# EXERCISE REQUIREMENTS
Print each record exactly as it appears, but drop the images.

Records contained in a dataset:
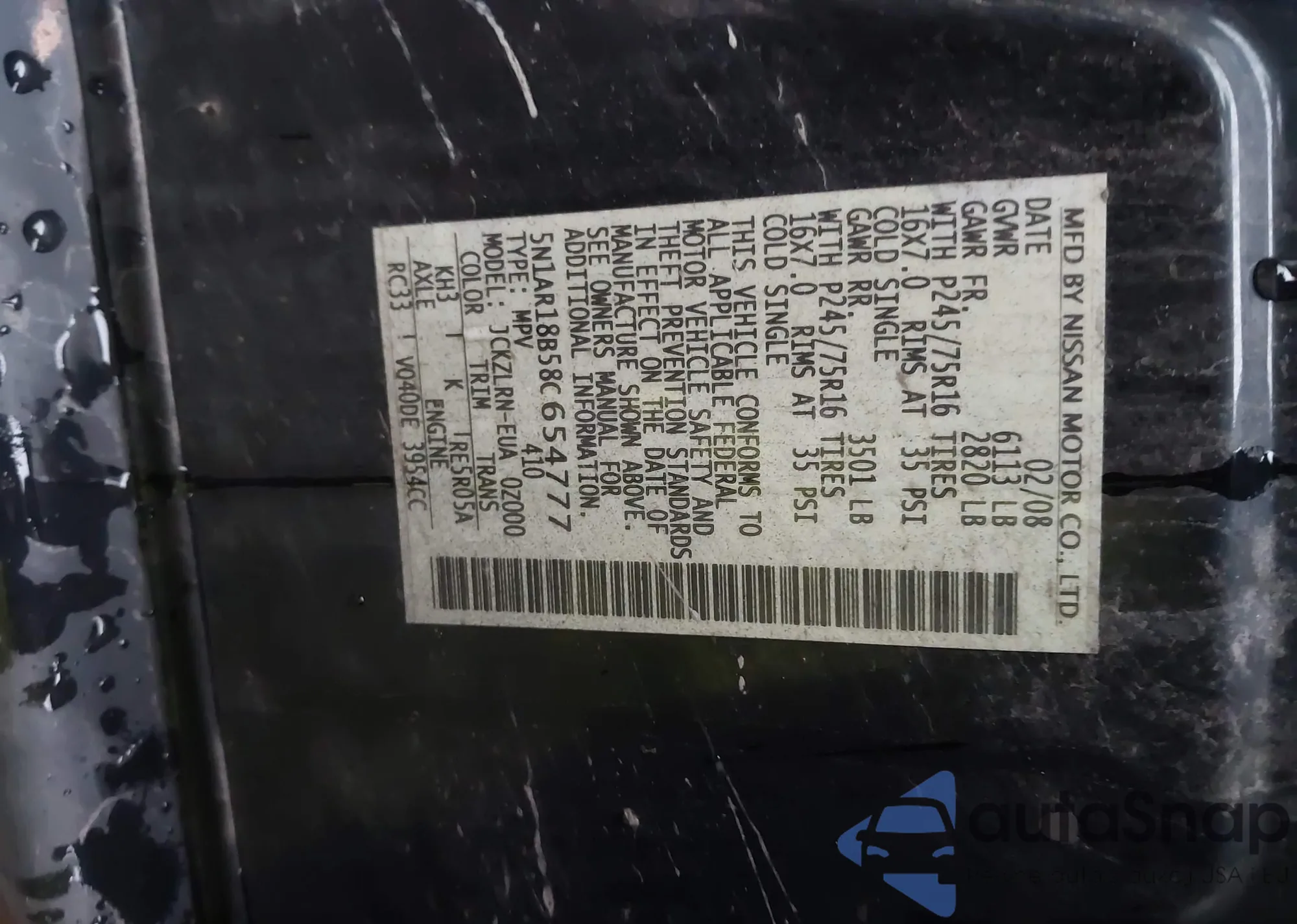 VIN: 5N1AR18B58C654777
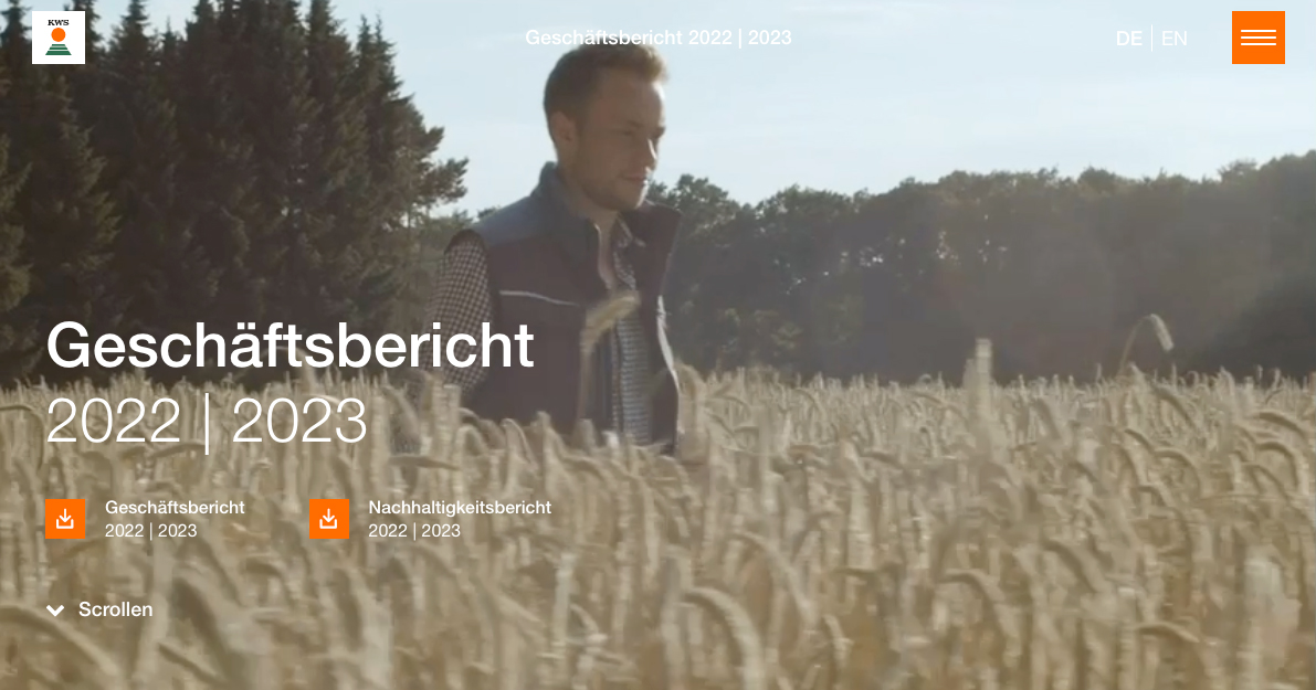 KWS SAAT SE & Co. KGaA Geschäftsbericht 2022 | 2023 zum Inhalt springen Geschäftsbericht 2022 | 2023 DE EN Menu Geschäftsjahr 2022 | 2023 An unsere Aktionäre Über KWS Nachhaltigkeit Innovation Geschäftsbericht 2022 | 2023 Geschäftsbericht 2022 | 2023 Nachhaltigkeitsbericht 2022 | 2023 Scrollen Unsere Vision Seeding the Future for Generations Über KWS Zukunft säen – seit 1856 Mehr erfahren An unsere Aktionäre „Unsere zentralen Werte wie Nähe, Verlässlichkeit, Weitblick und Unabhängigkeit leben wir nicht nur innerhalb des Unternehmens, sondern ebenso mit Landwirten, Geschäftspartnern und Aktionären.“ Dr. Felix Büchting, Sprecher des Vorstands Mehr erfahren „Der Aufsichtsrat dankt dem Vorstand und allen Mitarbeitern der KWS Gruppe für den engagierten Einsatz und die erfolgreiche Weiterentwicklung der KWS.“ Philip Freiherr von dem Bussche, Vorsitzender des Aufsichtrats Mehr erfahren Nachhaltigkeit Scope-1- und Scope-2-Emissionen ...
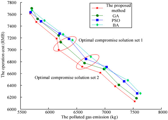 As can be seen from Table 2, for the GA method, in the optimal compromise solution set 1, the polluted gas emission and operating cost are 6215 kg and 7127 RMB, respectively; in the optimal compromise solution set 2, the polluted gas emission and operating cost are 6635 kg and 6779 RMB, respectively; for the PSO method, in the optimal compromise solution set 1, the polluted gas emission and operating cost are 6362 kg and 7184 RMB, respectively; in the optimal compromise solution set 2, the polluted gas emission and operating cost are 6663 kg and 6843 RMB, respectively; for the BA method, in the optimal compromise solution set 1, the polluted gas emission and operating cost are 6426 kg and 7161 RMB, respectively; in the optimal compromise solution set 2, the polluted gas emission and operating cost are 6748 kg and 6883 RMB, respectively; for the method proposed in this paper, in the optimal compromise solution set 1, the polluted gas emission and operating cost are 6183 kg and 6998 RMB, respectively; in the optimal compromise solution set 2, the polluted gas emission and operating cost are 6597 kg and 6713 RMB, respectively. By comparing the values in each column of Table 2, it can be found that the polluted gas emission and operation cost of the method proposed in this paper are the minimum, which further proves the effectiveness of the method proposed in this paper.
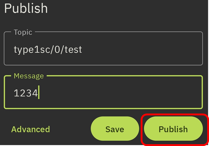 Publish 입력 화면 Publish 입력 화면에서 Topic 'type1sc/0/test'를 입력하고 Message 입력 후 Publish 버튼을 누릅니다.
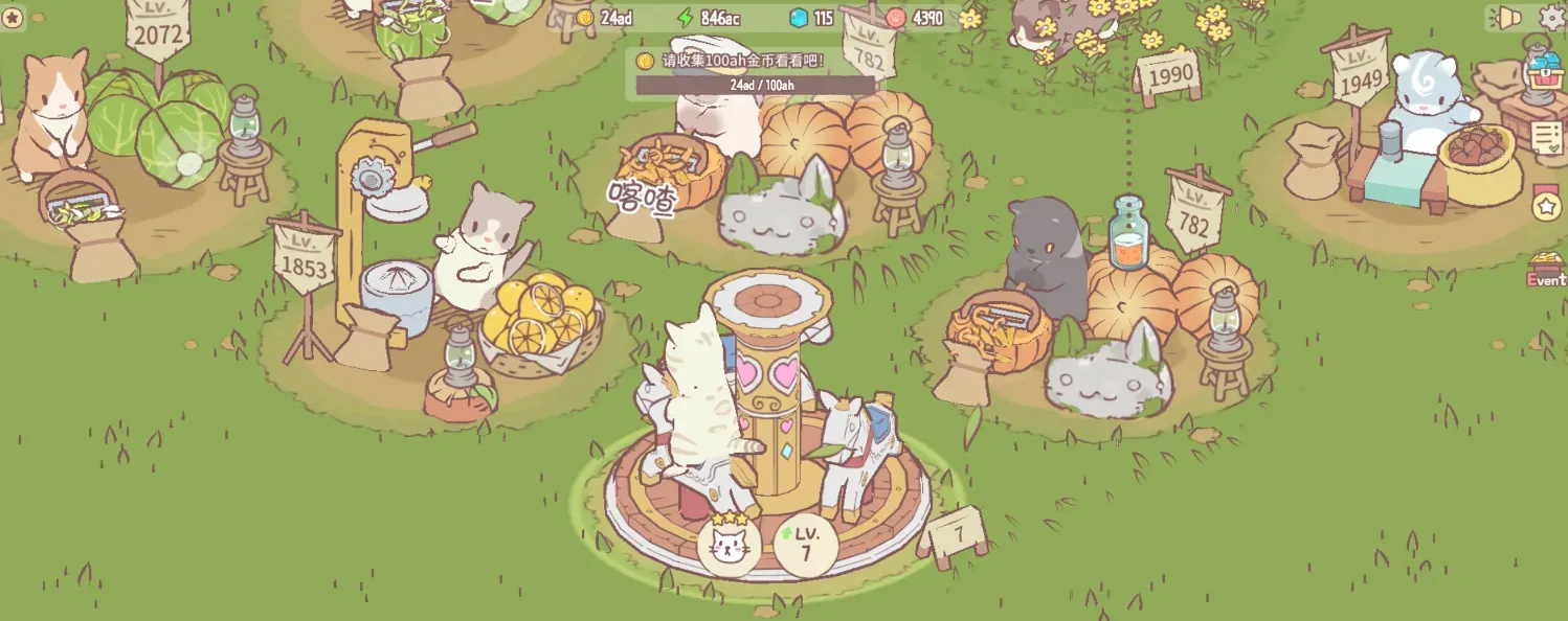 背景介绍:铺展在眼前的,是一片大大的森林,在此与各种各样的小猫相遇。无论晴天雨天四季更替,随时随地压迫猫咪制作美食积攒财富,不断解锁美食摊位与游乐设施,奴役世界各地的猫咪。
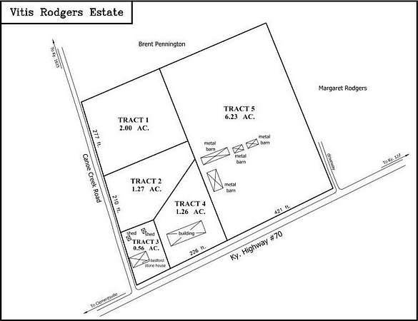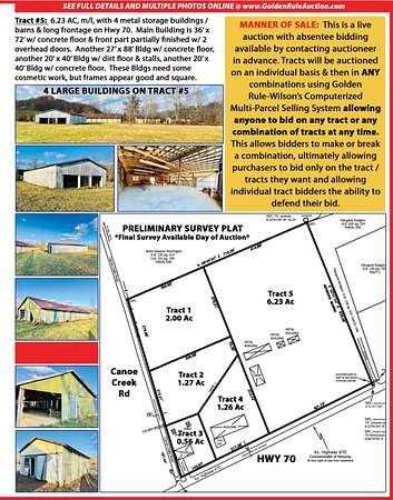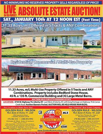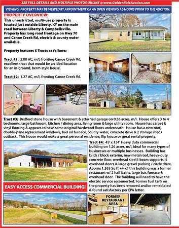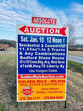 Tract #4: 45' x 134' Heavy duty commercial building on 1.26 acres, m/l, ideal for many types of businesses or multiple businesses. Building has brick / block exterior, new metal roof, heavy-duty concrete floor, overhead steel I-beam supports, 5 overhead doors & large gravel parking / circle drive. Approx. 1,365 Sq ft +/- of this building was a former restaurant w/ 2 half baths, large bar, furnace & overhead door. The building will need to have the electric service reconnected. Former fuel tank on the property has been removed and/or remediated & found satisfactory per EPA letter. ----- This is part of a LIVE ON THE PROPERTY - ABSOLUTE ESTATE AUCTION --- SATURDAY, JANUARY 10th at 12 NOON EST (Fast Time) --- No Minimums! No Reserves! Property Sells Regardless of Price! ---The price indicated does not represent a minimum or maximum amount, it is a nominal amount required for MLS posting. ---- Auction Held for the Vitis Rodgers Estate. ---- PROPERTY OVERVIEW: This UNRESTRICTED, multi-use property is located just outside Liberty, KY on the main road between Liberty & Campbellsville. Property has long road frontage on Hwy 70 and Canoe Creek Rd, electric & county water available. ---- VIEWING: Property may be viewed by appointment or an open viewing 1.5 hours prior to the auction --- MANNER OF SALE: This is a live auction with absentee bidding available by contacting auctioneer in advance. Tracts will be auctioned on an individual basis & then in ANY combinations using Golden Rule-Wilson's Computerized Multi-Parcel Selling System allowing anyone to bid on any tract or any combination of tracts at any time. This allows bidders to make or break a combination, ultimately allowing purchasers to bid only on the tract / tracts they want and allowing individual tract bidders the ability to defend their bid. SEE FULL TERMS & DETAILS at our Company Website. Remember the date SATURDAY, January 10th, 2026 at 12 NOON EST (FAST TIME) at the property!
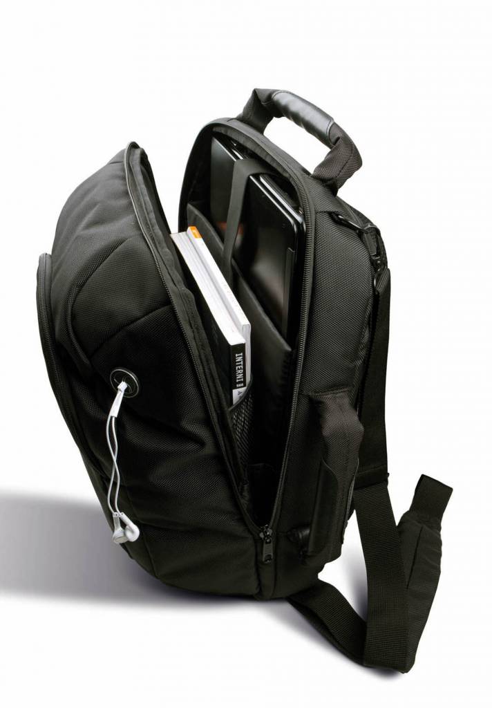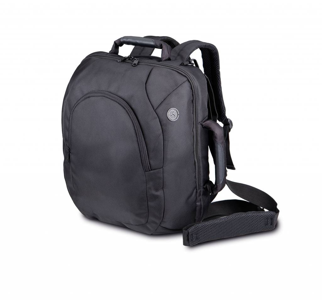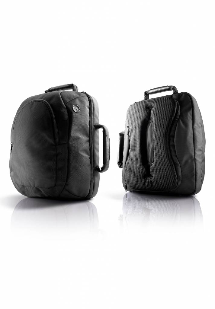 Double use computer / document bag convertible in a backpack in 1680D PU backing, hidden shoulder straps, padded mesh back, bottom zip to hang the trolley system, detachable and adjustable shoulder strap with shoulder pad, double reinforced padded handle, front organized pocket, main compartment fully padded for laptop (15") and documents, headphone hole, key holder. SBS zips.
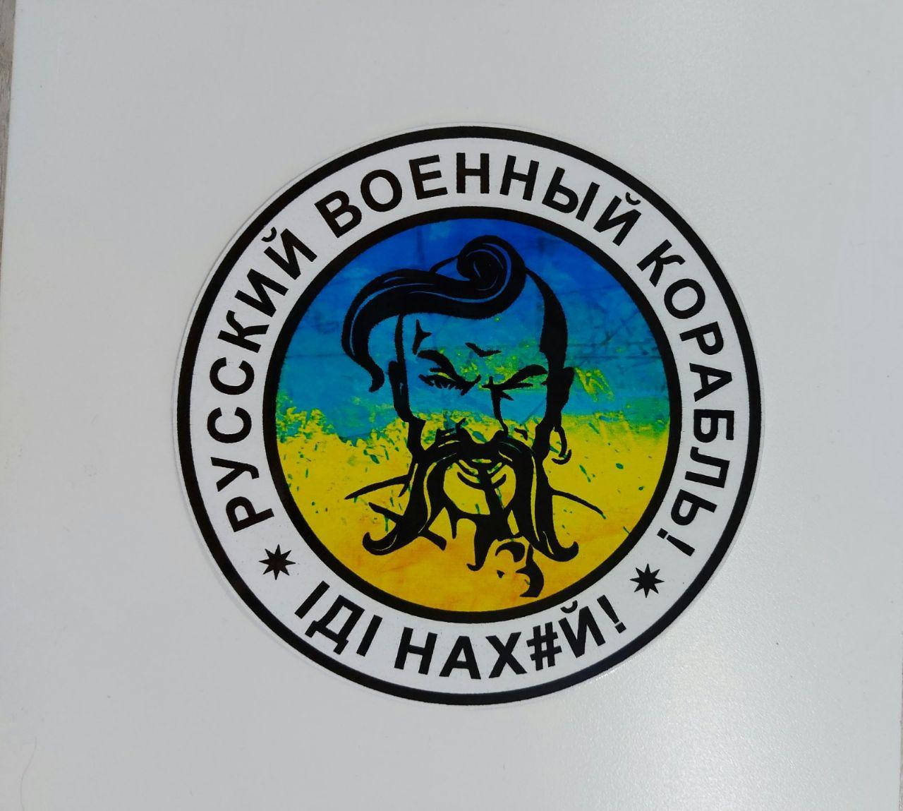 Наклейка "Русский военный корабль иди нах#й!" 15*15см, Белый
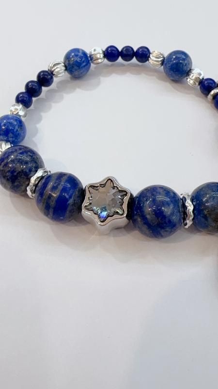 【一点もの・イタリア製メダイ使用】 深いブルーが美しいラピスラズリに、 守護と癒しの象徴とされる「ラファエルの天使メダイ」を合わせた、 上品で存在感のある天然石ブレスレットです。 中央には、現在は生産終了となった スワロフスキー社製 “BeCharmed(ビーチャームド)” のスターパーツを使用。 光を受けて星がきらめくように輝き、手元を華やかに彩ります。 ラピスラズリは、古くから“王の石”として大切にされてきた守護の石。 直感力を高め、迷いを晴らし、本来の自分へ戻るサポートをすると言われています。 天使ラファエルのメダイがそっと寄り添い、 心を穏やかに整えたい方にもおすすめです。 【サイズ】 仕上がりは16cmです。 手首にあわせてサイズ調整も可能ですので、 ご購入時の備考欄に《ご希望のサイズ》をご記入ください。 【素材】 ・ラピスラズリ ・スワロフスキー BeCharmed(スターモチーフ/廃盤) ・イタリア製 天使ラファエル メダイ ・金属パーツ ・オペロンゴム 【在庫】一点もの(再販なし)
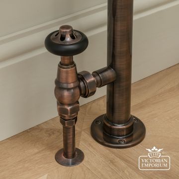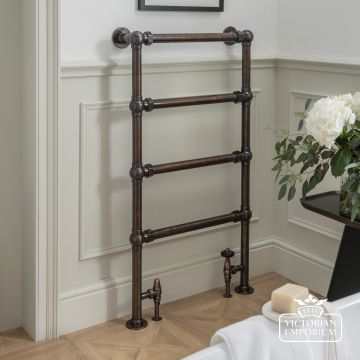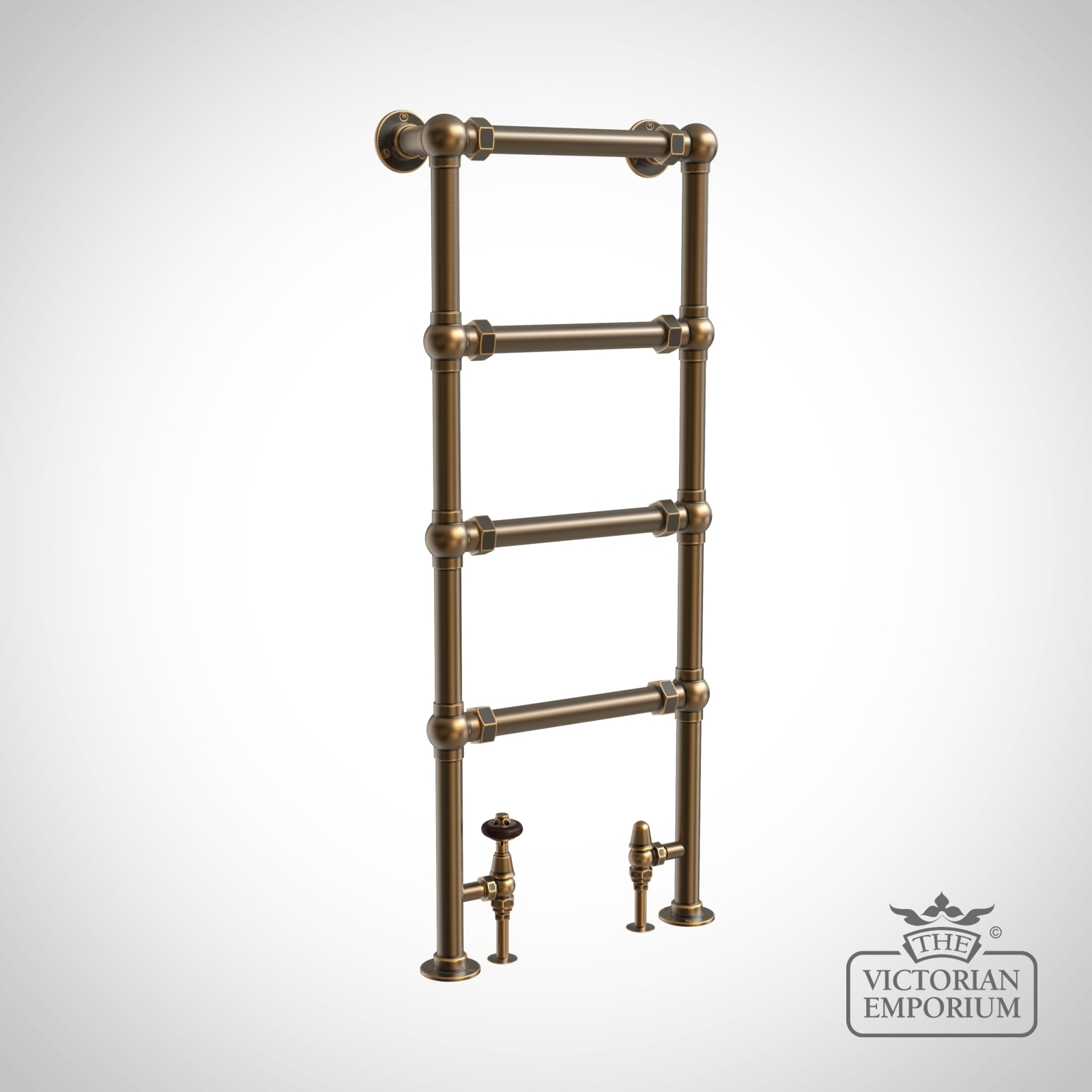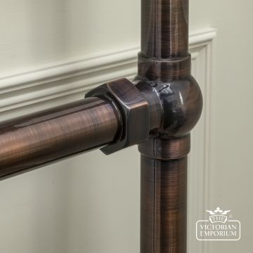 These stunning towel warmers are fixed to both the floor and the wall. They are handcrafted in the UK from oversized brass tubes and ball joints and feature the elegant look of a precision nut assembly.

# WRITTEN SOLUTION
 VIN: 5N1AR18B58C654777
 KWS SAAT SE & Co. KGaA Geschäftsbericht 2022 | 2023 zum Inhalt springen Geschäftsbericht 2022 | 2023 DE EN Menu Geschäftsjahr 2022 | 2023 An unsere Aktionäre Über KWS Nachhaltigkeit Innovation Geschäftsbericht 2022 | 2023 Geschäftsbericht 2022 | 2023 Nachhaltigkeitsbericht 2022 | 2023 Scrollen Unsere Vision Seeding the Future for Generations Über KWS Zukunft säen – seit 1856 Mehr erfahren An unsere Aktionäre „Unsere zentralen Werte wie Nähe, Verlässlichkeit, Weitblick und Unabhängigkeit leben wir nicht nur innerhalb des Unternehmens, sondern ebenso mit Landwirten, Geschäftspartnern und Aktionären.“ Dr. Felix Büchting, Sprecher des Vorstands Mehr erfahren „Der Aufsichtsrat dankt dem Vorstand und allen Mitarbeitern der KWS Gruppe für den engagierten Einsatz und die erfolgreiche Weiterentwicklung der KWS.“ Philip Freiherr von dem Bussche, Vorsitzender des Aufsichtrats Mehr erfahren Nachhaltigkeit Scope-1- und Scope-2-Emissionen ...
 As can be seen from Table 2, for the GA method, in the optimal compromise solution set 1, the polluted gas emission and operating cost are 6215 kg and 7127 RMB, respectively; in the optimal compromise solution set 2, the polluted gas emission and operating cost are 6635 kg and 6779 RMB, respectively; for the PSO method, in the optimal compromise solution set 1, the polluted gas emission and operating cost are 6362 kg and 7184 RMB, respectively; in the optimal compromise solution set 2, the polluted gas emission and operating cost are 6663 kg and 6843 RMB, respectively; for the BA method, in the optimal compromise solution set 1, the polluted gas emission and operating cost are 6426 kg and 7161 RMB, respectively; in the optimal compromise solution set 2, the polluted gas emission and operating cost are 6748 kg and 6883 RMB, respectively; for the method proposed in this paper, in the optimal compromise solution set 1, the polluted gas emission and operating cost are 6183 kg and 6998 RMB, respectively; in the optimal compromise solution set 2, the polluted gas emission and operating cost are 6597 kg and 6713 RMB, respectively. By comparing the values in each column of Table 2, it can be found that the polluted gas emission and operation cost of the method proposed in this paper are the minimum, which further proves the effectiveness of the method proposed in this paper.
 Publish 입력 화면 Publish 입력 화면에서 Topic 'type1sc/0/test'를 입력하고 Message 입력 후 Publish 버튼을 누릅니다.
 背景介绍:铺展在眼前的,是一片大大的森林,在此与各种各样的小猫相遇。无论晴天雨天四季更替,随时随地压迫猫咪制作美食积攒财富,不断解锁美食摊位与游乐设施,奴役世界各地的猫咪。
 Tract #4: 45' x 134' Heavy duty commercial building on 1.26 acres, m/l, ideal for many types of businesses or multiple businesses. Building has brick / block exterior, new metal roof, heavy-duty concrete floor, overhead steel I-beam supports, 5 overhead doors & large gravel parking / circle drive. Approx. 1,365 Sq ft +/- of this building was a former restaurant w/ 2 half baths, large bar, furnace & overhead door. The building will need to have the electric service reconnected. Former fuel tank on the property has been removed and/or remediated & found satisfactory per EPA letter. ----- This is part of a LIVE ON THE PROPERTY - ABSOLUTE ESTATE AUCTION --- SATURDAY, JANUARY 10th at 12 NOON EST (Fast Time) --- No Minimums! No Reserves! Property Sells Regardless of Price! ---The price indicated does not represent a minimum or maximum amount, it is a nominal amount required for MLS posting. ---- Auction Held for the Vitis Rodgers Estate. ---- PROPERTY OVERVIEW: This UNRESTRICTED, multi-use property is located just outside Liberty, KY on the main road between Liberty & Campbellsville. Property has long road frontage on Hwy 70 and Canoe Creek Rd, electric & county water available. ---- VIEWING: Property may be viewed by appointment or an open viewing 1.5 hours prior to the auction --- MANNER OF SALE: This is a live auction with absentee bidding available by contacting auctioneer in advance. Tracts will be auctioned on an individual basis & then in ANY combinations using Golden Rule-Wilson's Computerized Multi-Parcel Selling System allowing anyone to bid on any tract or any combination of tracts at any time. This allows bidders to make or break a combination, ultimately allowing purchasers to bid only on the tract / tracts they want and allowing individual tract bidders the ability to defend their bid. SEE FULL TERMS & DETAILS at our Company Website. Remember the date SATURDAY, January 10th, 2026 at 12 NOON EST (FAST TIME) at the property!
 Double use computer / document bag convertible in a backpack in 1680D PU backing, hidden shoulder straps, padded mesh back, bottom zip to hang the trolley system, detachable and adjustable shoulder strap with shoulder pad, double reinforced padded handle, front organized pocket, main compartment fully padded for laptop (15") and documents, headphone hole, key holder. SBS zips.
 Наклейка "Русский военный корабль иди нах#й!" 15*15см, Белый
 【一点もの・イタリア製メダイ使用】 深いブルーが美しいラピスラズリに、 守護と癒しの象徴とされる「ラファエルの天使メダイ」を合わせた、 上品で存在感のある天然石ブレスレットです。 中央には、現在は生産終了となった スワロフスキー社製 “BeCharmed(ビーチャームド)” のスターパーツを使用。 光を受けて星がきらめくように輝き、手元を華やかに彩ります。 ラピスラズリは、古くから“王の石”として大切にされてきた守護の石。 直感力を高め、迷いを晴らし、本来の自分へ戻るサポートをすると言われています。 天使ラファエルのメダイがそっと寄り添い、 心を穏やかに整えたい方にもおすすめです。 【サイズ】 仕上がりは16cmです。 手首にあわせてサイズ調整も可能ですので、 ご購入時の備考欄に《ご希望のサイズ》をご記入ください。 【素材】 ・ラピスラズリ ・スワロフスキー BeCharmed(スターモチーフ/廃盤) ・イタリア製 天使ラファエル メダイ ・金属パーツ ・オペロンゴム 【在庫】一点もの(再販なし)
 These stunning towel warmers are fixed to both the floor and the wall. They are handcrafted in the UK from oversized brass tubes and ball joints and feature the elegant look of a precision nut assembly.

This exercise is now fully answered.